Exercise brief:
In this exercise, the entries below include pictures. Repeat exactly the lines from the line with "For at løse" to the line with "Disponible en múltiples", including both, but without the pictures.
(Records to use)
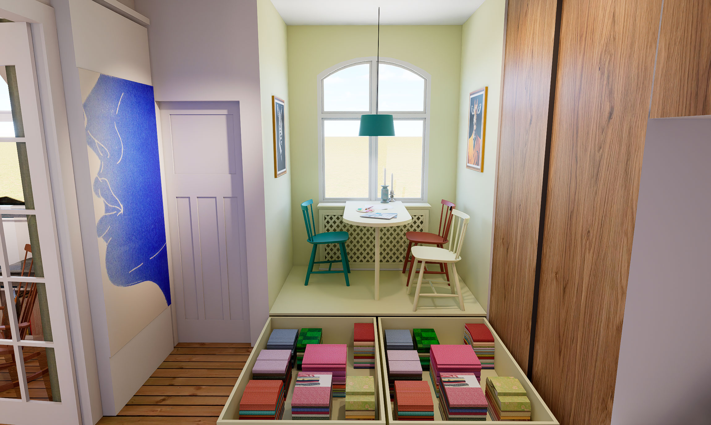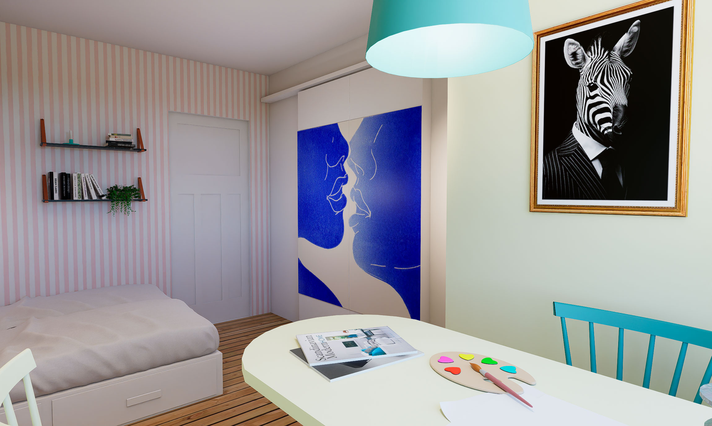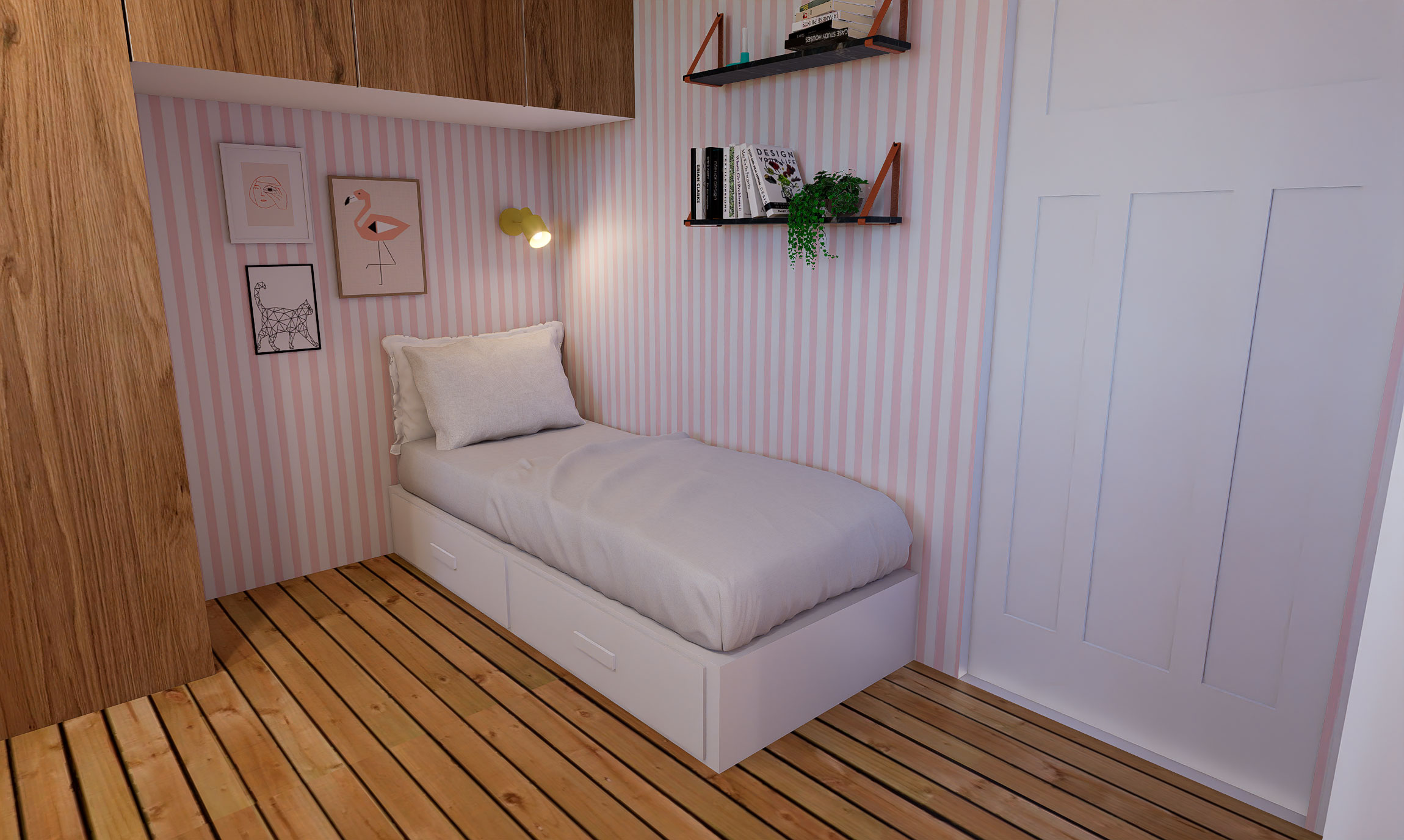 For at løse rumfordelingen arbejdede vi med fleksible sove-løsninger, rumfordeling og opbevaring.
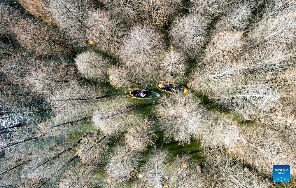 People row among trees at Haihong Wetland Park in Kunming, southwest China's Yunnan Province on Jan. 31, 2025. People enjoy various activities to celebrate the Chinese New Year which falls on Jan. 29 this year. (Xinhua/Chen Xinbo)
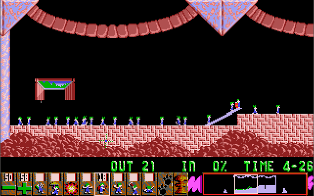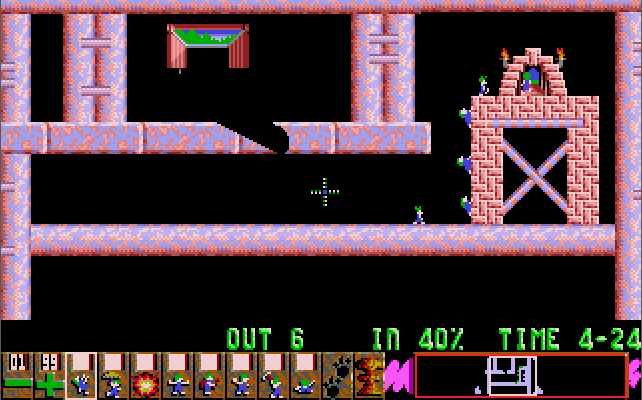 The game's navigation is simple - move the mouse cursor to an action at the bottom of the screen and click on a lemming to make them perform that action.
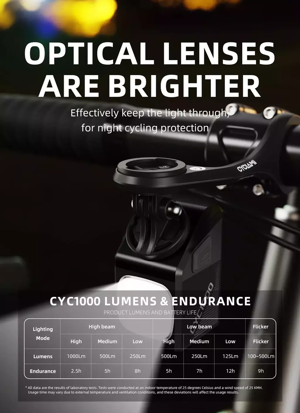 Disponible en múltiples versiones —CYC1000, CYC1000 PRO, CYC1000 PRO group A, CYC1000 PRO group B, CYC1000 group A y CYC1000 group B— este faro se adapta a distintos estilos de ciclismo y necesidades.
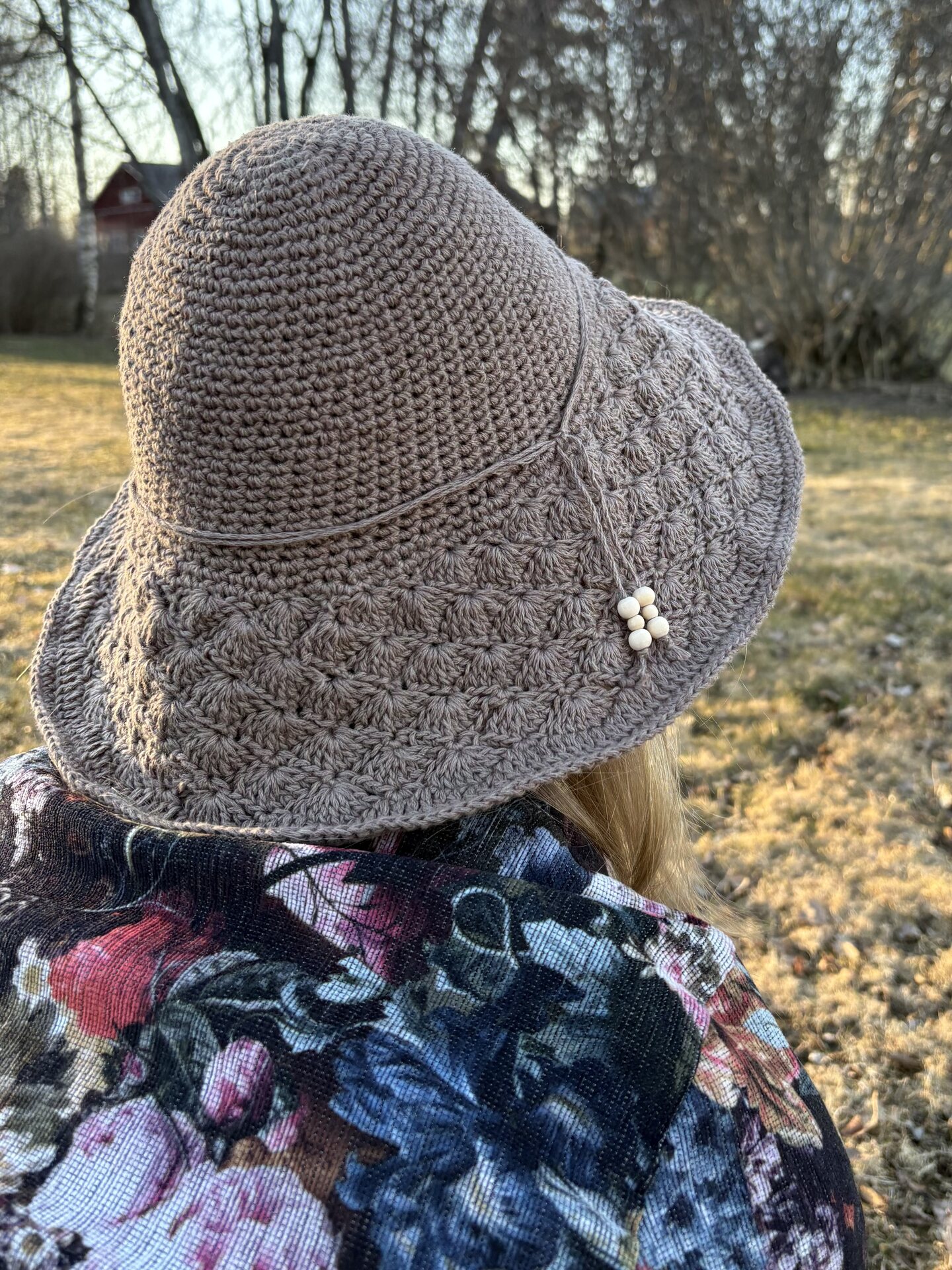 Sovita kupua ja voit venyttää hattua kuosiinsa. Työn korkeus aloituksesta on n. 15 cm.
(End Records to use)
(Records to use)
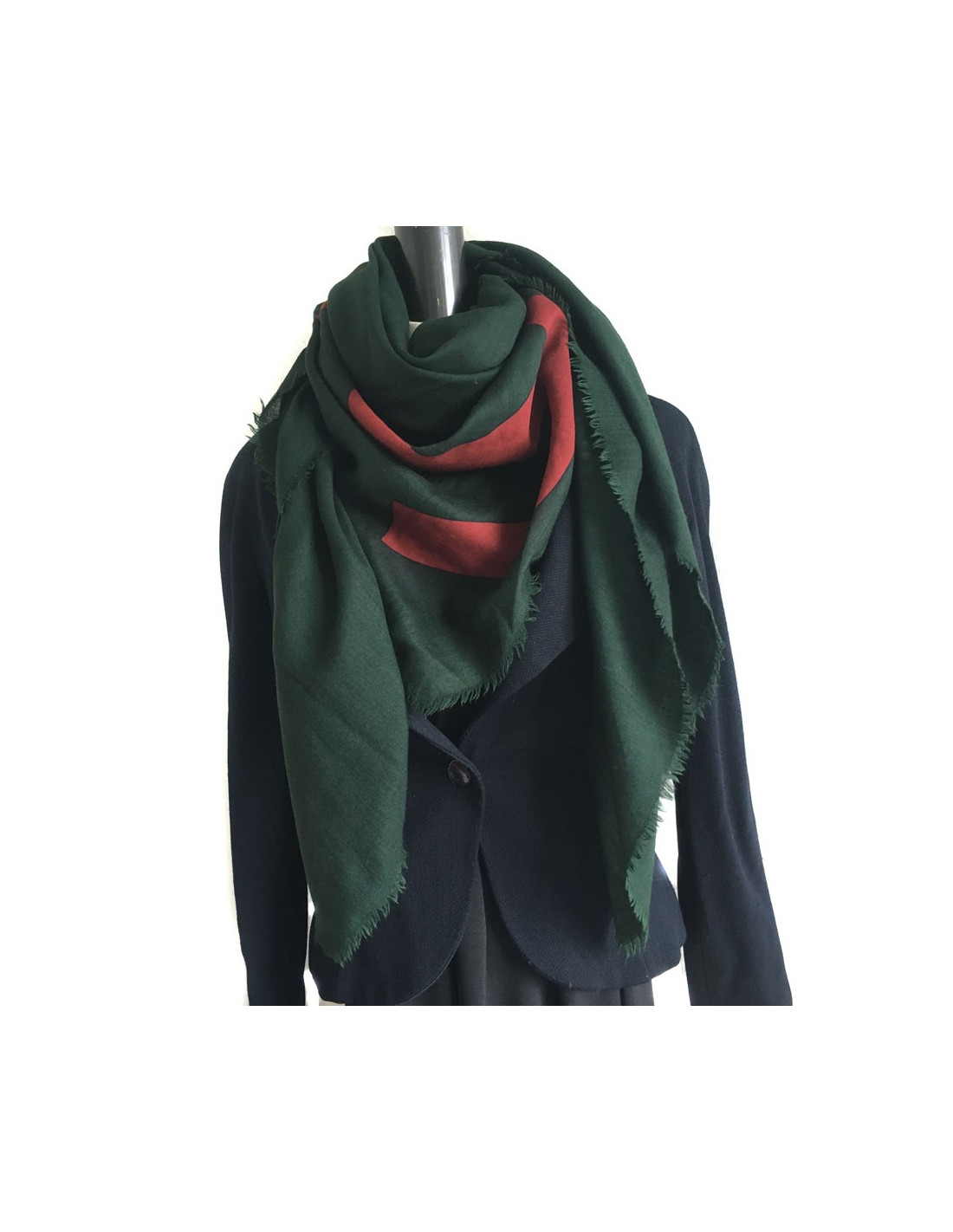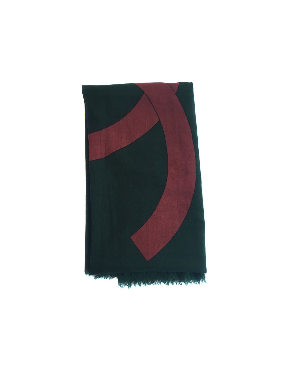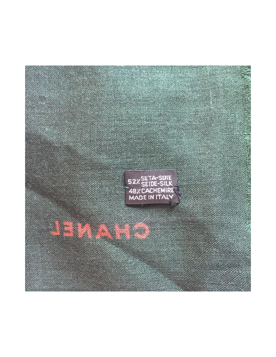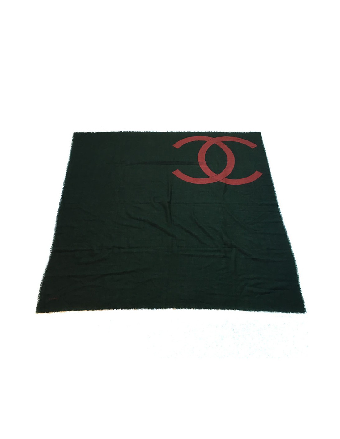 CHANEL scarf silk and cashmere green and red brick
(End Records to use)
Your solution:
 For at løse rumfordelingen arbejdede vi med fleksible sove-løsninger, rumfordeling og opbevaring.
 People row among trees at Haihong Wetland Park in Kunming, southwest China's Yunnan Province on Jan. 31, 2025. People enjoy various activities to celebrate the Chinese New Year which falls on Jan. 29 this year. (Xinhua/Chen Xinbo)
 The game's navigation is simple - move the mouse cursor to an action at the bottom of the screen and click on a lemming to make them perform that action.
 Disponible en múltiples versiones —CYC1000, CYC1000 PRO, CYC1000 PRO group A, CYC1000 PRO group B, CYC1000 group A y CYC1000 group B— este faro se adapta a distintos estilos de ciclismo y necesidades.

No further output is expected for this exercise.